• _Problem_:
With the pictures left out, print exactly the lines below that run from the one containing "加工難度の高い64チタンは、" through the one containing "MONDIAZ MONDIAZ TURE".
Top of Data shown
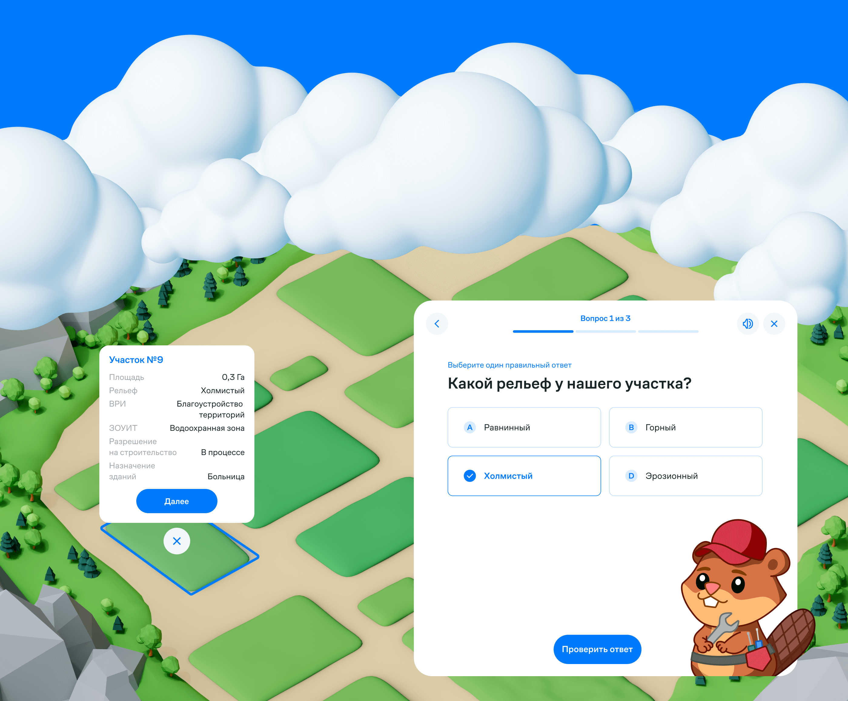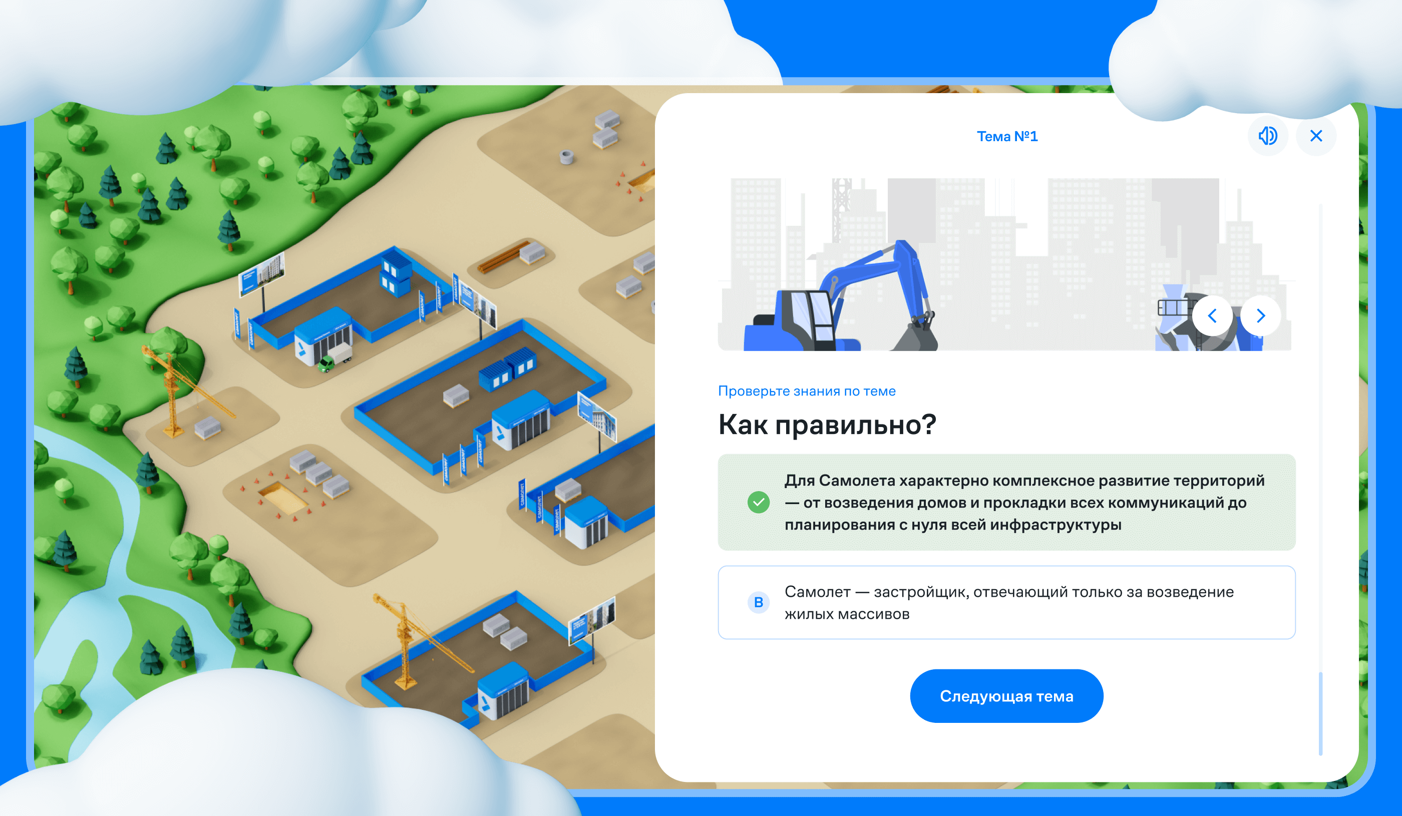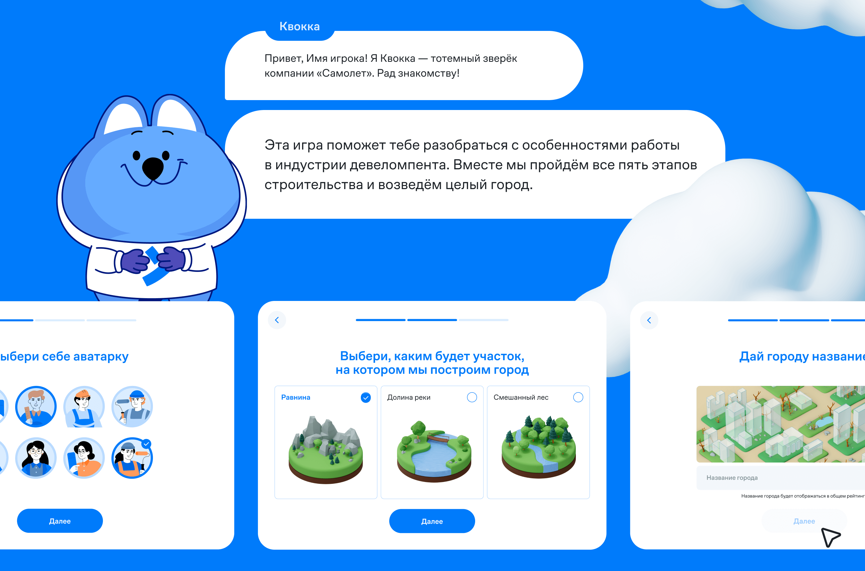 Градостроительный симулятор в стиле визуальной новеллы и обучающими механиками, в котором пользователь становится помощником руководителя проекта и вместе с тотемным зверьком «Самолета» — Квоккой, изучает процесс девелопмента с нуля
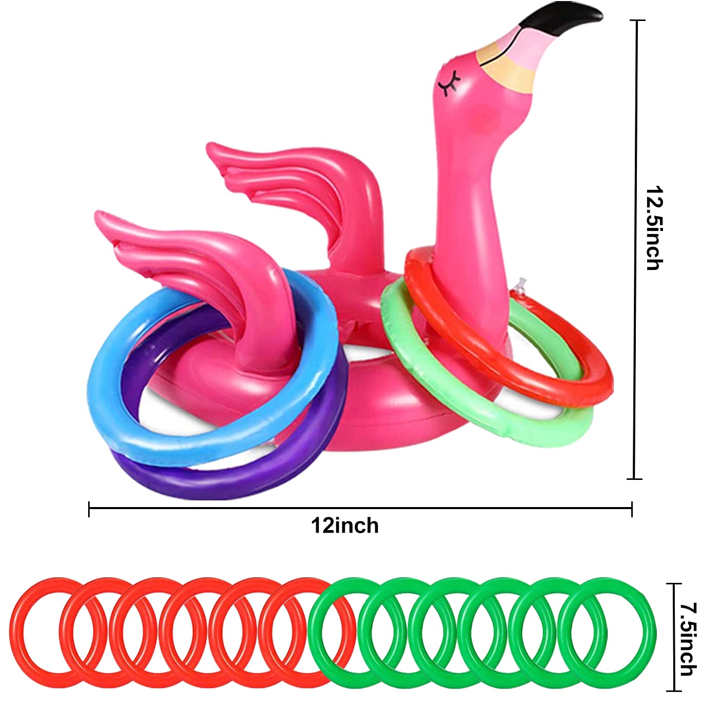 15 Pcs Inflatable Flamingo Ring Toss Game (3 Inflatable Flamingo, 12 Inflatable Rings) - New Design Ring Toss for Boys Girls Birthday Party, Pools Party or Any Carnival flamingo ring toss.Inflatable flamingo ring toss game is a funny pool game that can be played in many ways:GAME 1: One player wear the flamingo on head,others players toss the rings to the flamingo's wings or neck.GAME 2: Players wear this inflatable flamingo on their head and stand face to face, then throw their rings toss to the wings or neck of the flamingo.The winner is who with the highest number of rings on the flamingos' necks or wings.Enjoying the funny time with Friends and FamilyThrough team games with friends and family, kids can improve their interpersonal skills, and learn some lessons about team work, a child can understand the criterion of competition: friendship first, competition laterSpecifications:- Material: Environmental PVC- Size: Flamingo 12.5'' x 12''. The outer diameter of the ring is 7.5 inch.- Quantity: 15 Pcs (3 pcs inflatable Flamingo and 12 pcs inflatable toss rings)- Where to use: in the water, on the ground, on the lawn or wear it on your head.- Recommend: 3 years old up kids and adults.Notice:- Keep away from sharp objects and hot object to prevent puncturing and melt.
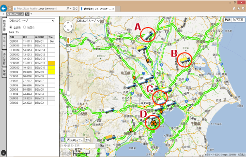 ランドマークを任意に登録可能です。お得意様の位置自社の拠点位置などを動態と同一画面で参照する事で、効率的な運用を提供いたします。
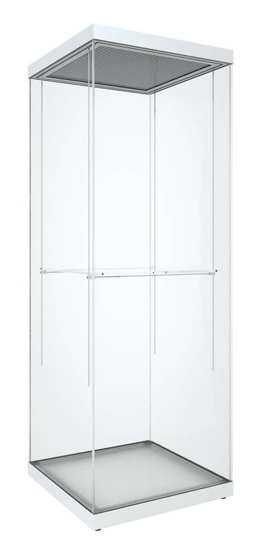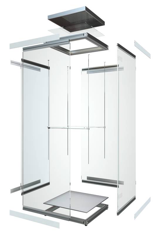 Die obere und untere Rahmenkonstruktion aus Aluminium-Präzisionsprofilen lässt sich schnell und einfach zu einem Ganzglas-Korpus verbinden. Die Deckleisten zur Abdeckung der Rahmenprofile sind nach RAL Farben Pulver beschichtet. Verstellbare Schraubfüße im Rahmen gleichen Bodenunebenheiten aus.
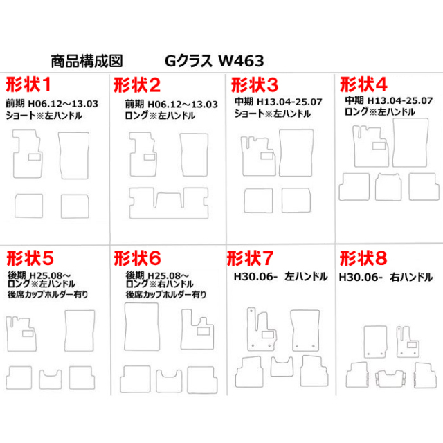 マットカラー:01:無地 × ブラック/形状選択:4:W463 中期 左ハンドル ロング 価格: 10,800円(税込) | 無し |
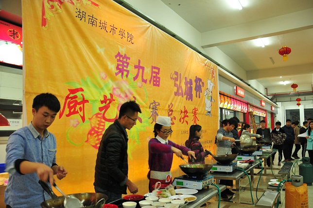 (本网讯)12 月9 日晚 ,由学校团委、后勤处主办,学生维权部、学生伙食管理委员会承办的第九届“弘城杯”厨艺大赛总决赛在第二餐饮中心二楼举办。来自各二级学院的18支队伍参加了比赛。厨师代表、教职工代表、离退休教师代表以及学生代表担任本次大赛的评委。
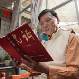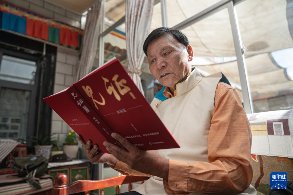 2024年3月28日 普次仁在家里看书(3月23日摄)。
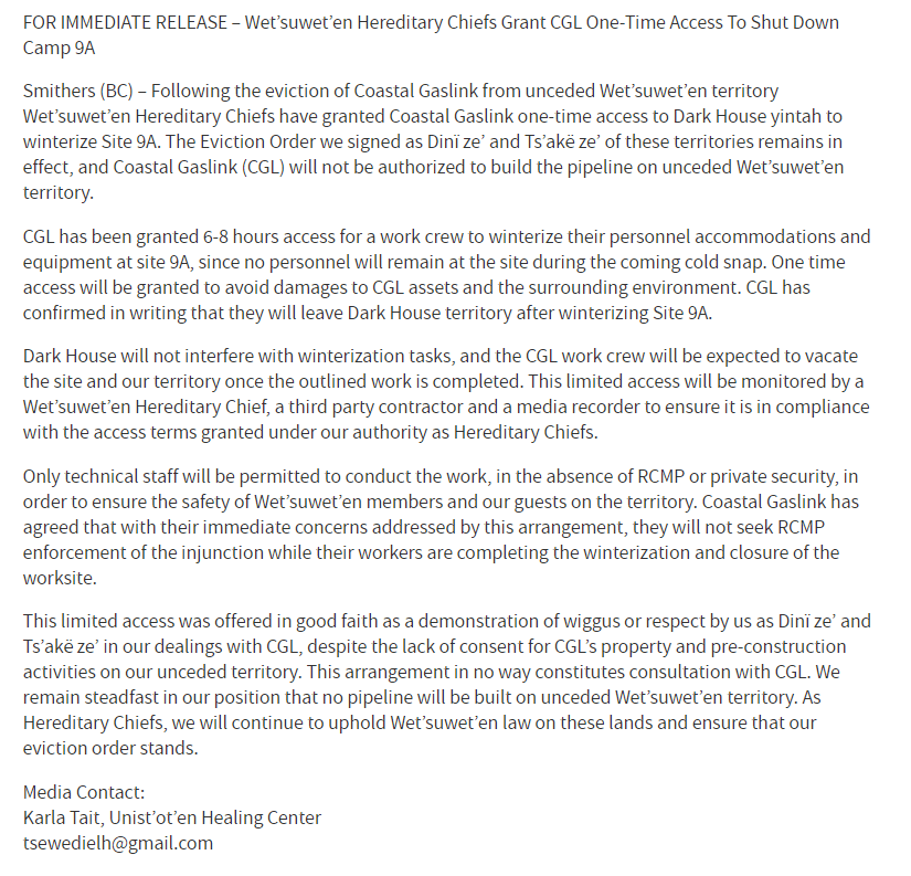 eviction notice from the Unist’ot’en
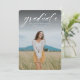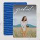 A simple classic script "graduate" in white accentuates a single vertical photo of your grad. This graduation announcement works for both college or high school graduates and is simple enough to let your photo shine. It's a timeless design and also features a striped backer with a customizable colour (default is blue). The words are at the top of the photo but the design is also available with the words at the bottom.
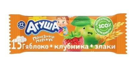 Батончик фруктовый АГУША яблоко-клубника-злаки 15 г
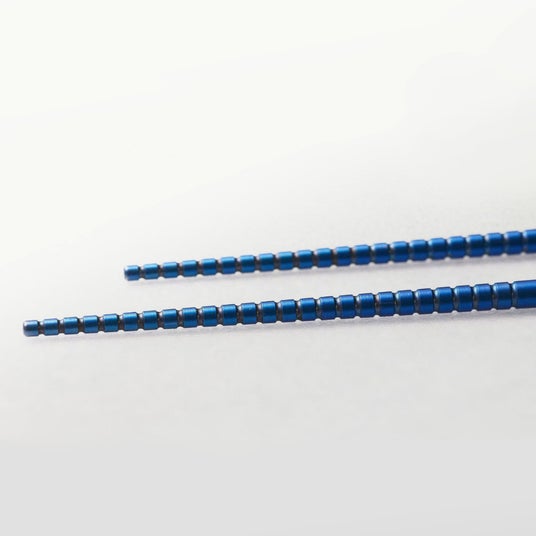 加工難度の高い64チタンは、福井県のチタン加工メーカーによる高精度な切削技術と職人の手仕事によって量産品質まで仕上げられた。塗装ではなく陽極酸化による自然発色の蒼色も特徴で、永く使える一膳として支持を集めている。
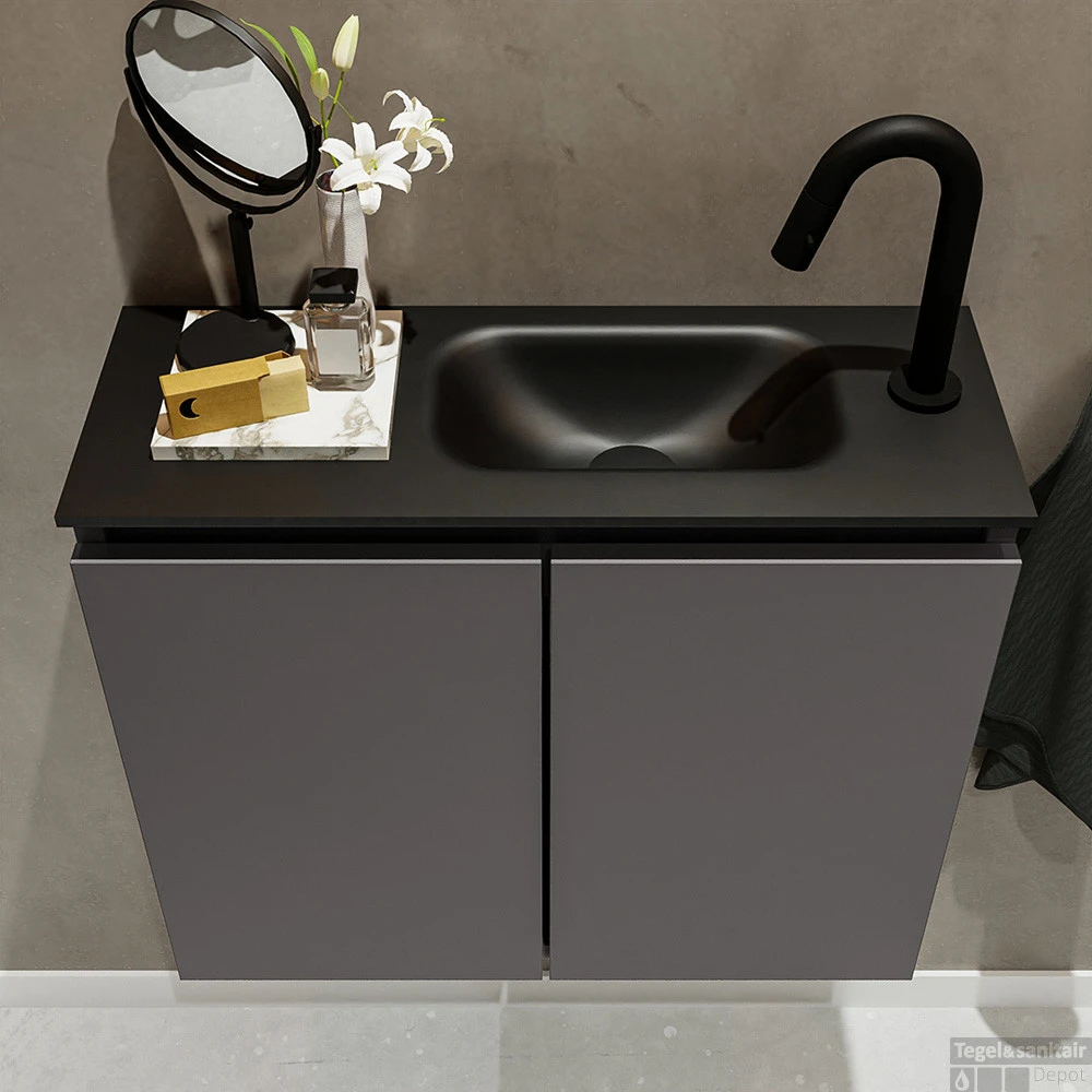 MONDIAZ MONDIAZ TURE 60cm toiletmeubel dark grey. EDEN wastafel urban rechts 1 kraangat
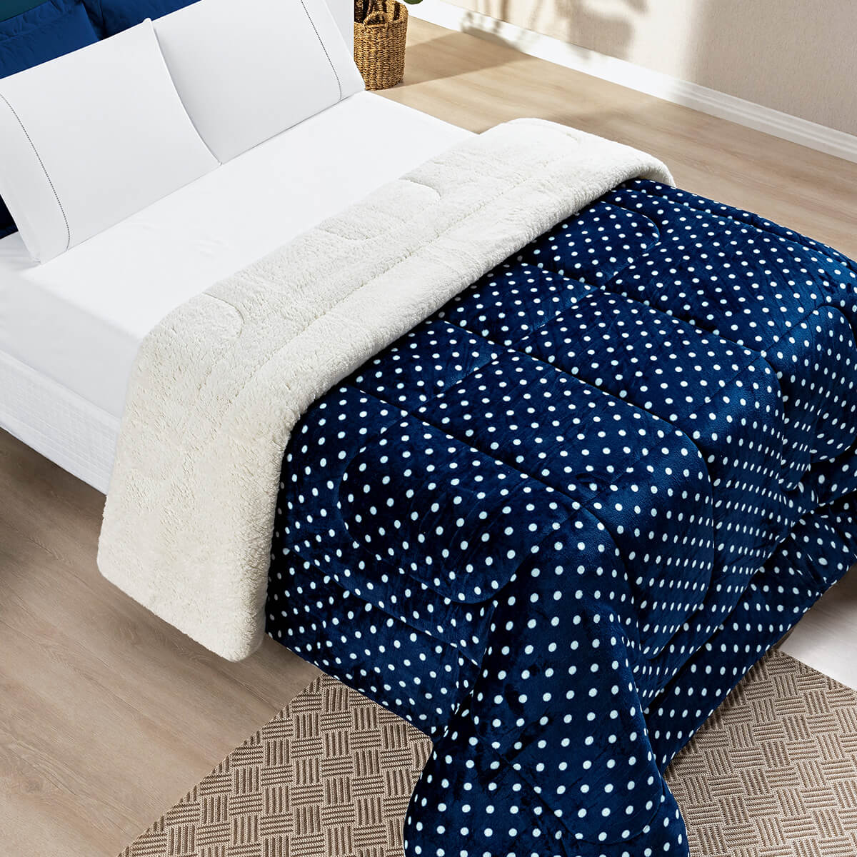 Coberdrom Solteiro Petit Poá: Aconchego Máximo para Noites Frias - MarinhoInvernoO inverno mais charmoso e quentinho! Coberdrom Solteiro Petit Poá com o toque macio do flannel e o calor aconchegante da lã de carneiro (sherpa). 01 Coberdrom 2,40m x 1,50m Composição:Manta Microfibra: 100% PoliésterSherpa: 100% PoliésterEnchimento: 100% PoliésterSOLTEIRO a partir de
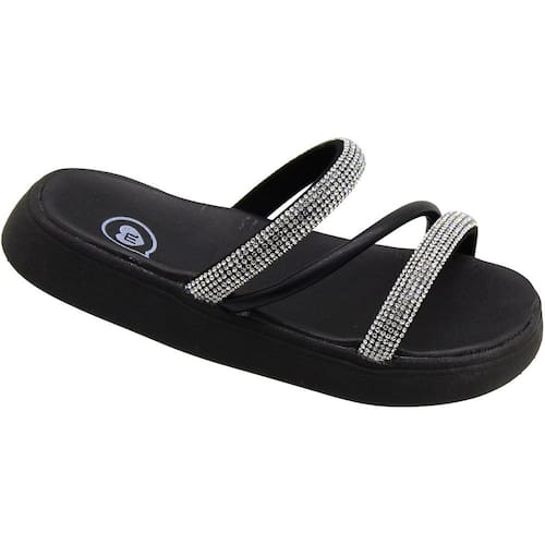 Tamanco Infantil Molekinha Plataforma Tiras Strass Napa Slide Menina - 32 - Preto
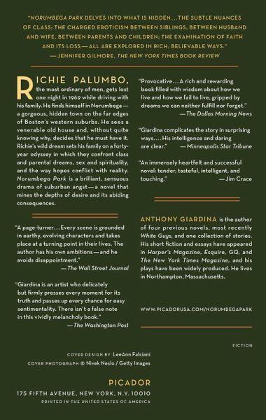 Richie Palumbo, the most ordinary of men, gets lost one night in 1969 while driving with his family. He finds himself in Norumbega-a gorgeous, hidden town on the far edges of Boston's western suburbs. He sees a venerable old house and, without quite knowing why, decides that he must have it. Richie's wild dream sets his family on a forty-year odyssey in which they confront class and parental dreams, sex and spirituality, and the way hopes conflict with reality. Anthony Giardina's Norumbega Park is a brilliant, sensuous drama of suburban angst-a novel that mines the depths of desire and its abiding consequences.
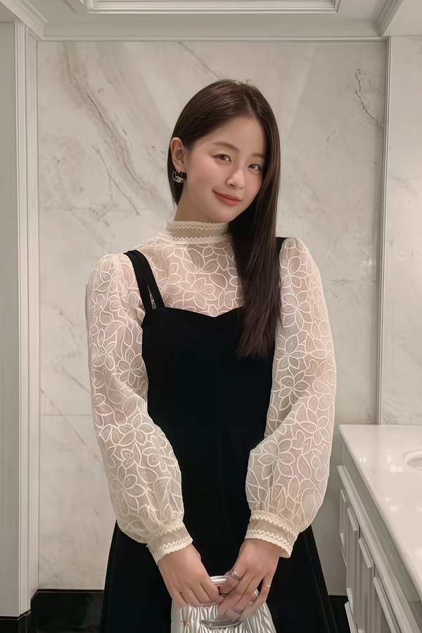 Le Malene 新中式水滴领拼接式连衣裙 19888
Bottom of Data shown
• _Finished exercise_:
 加工難度の高い64チタンは、福井県のチタン加工メーカーによる高精度な切削技術と職人の手仕事によって量産品質まで仕上げられた。塗装ではなく陽極酸化による自然発色の蒼色も特徴で、永く使える一膳として支持を集めている。
 MONDIAZ MONDIAZ TURE 60cm toiletmeubel dark grey. EDEN wastafel urban rechts 1 kraangat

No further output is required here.